Methods: CP was acquired intraoperatively in patients undergoing intraventricular surgery. Specimens underwent single-cell RNA sequencing (n=9) and immunohistochemistry (n=15). CP epithelial cells (CPEC) were cultured in a two-chamber Transwell system. Lentiviral knockdown of SLC4A10 was performed, followed by Western blot and immunofluorescence to validate and characterize the knockdown. Fluorescent dextran was used to measure fluid production in wildtype and SLC4A10 knockdown conditions (n=10).

Results: CP sampling was safe and feasible in all patients. Specimens had classic morphology on H&E with positive transthyretin (TTR) staining. Single-cell analysis of CPEC demonstrated strong expression of sodium transporters and aquaporins including ATP1A1, NKCC1, AQP1 and SLC4A10. Immunohistochemistry showed strong expression of Na+/K+ ATPase, NKCC1 and AQP1 on the apical surface. The Na+/HCO3- co-transporter SLC4A10 was the primary basolateral sodium transporter and is hypothesized to be responsible for replenishing the intracellular sodium gradient which drives CSF production. CPEC were cultured on the Transwell model to confluence with positive TTR and SLC4A10 immunofluorescence.
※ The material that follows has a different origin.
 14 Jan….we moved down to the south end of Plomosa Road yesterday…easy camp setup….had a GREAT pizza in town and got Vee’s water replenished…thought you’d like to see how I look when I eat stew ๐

As no selective SLC4A10 small molecule inhibitor currently exists, lentiviral knockdown of SLC4A10 reduced fluid secretion by 40% compared to wildtype CPEC cells in the transwell model (p<0.0001).
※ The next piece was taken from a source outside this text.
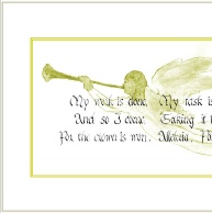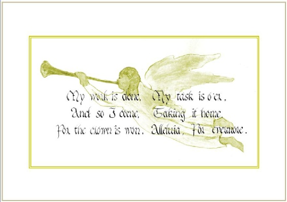 This was originally scribed to adorn the walls of the hermitage of a fellow solitary. In return I was sent an enormous monastic rosary, which is perfect for sleepless night vigils  -  it doesn’t get lost amongst the bed covers!  This design also makes an excellent greeting card for those who are suffering from poor health, or even a condolence card for the recently bereaved.  It is left blank so that you can adapt it to your own purposes.  Printed and hand finished on heavy textured card with a 120gsm laid envelope.  Lovely.

Conclusions: To the best of our knowledge, we have compiled one of the largest single-cell databases of human CP and developed a functional, in vitro model of human CP capable of secreting fluid. We identify the Na+/HCO3- co-transporter SLC4A10 as a key basolateral sodium transporter responsible for replenishing the intracellular Na+ gradient that drives CSF secretion and find that its knockdown significantly reduces CSF secretion. Development of a novel SLC4A10 inhibitor may reduce CSF secretion, potentially offering the first pharmacologic therapy for hydrocephalus and making invasive ventricular shunting procedures obsolete.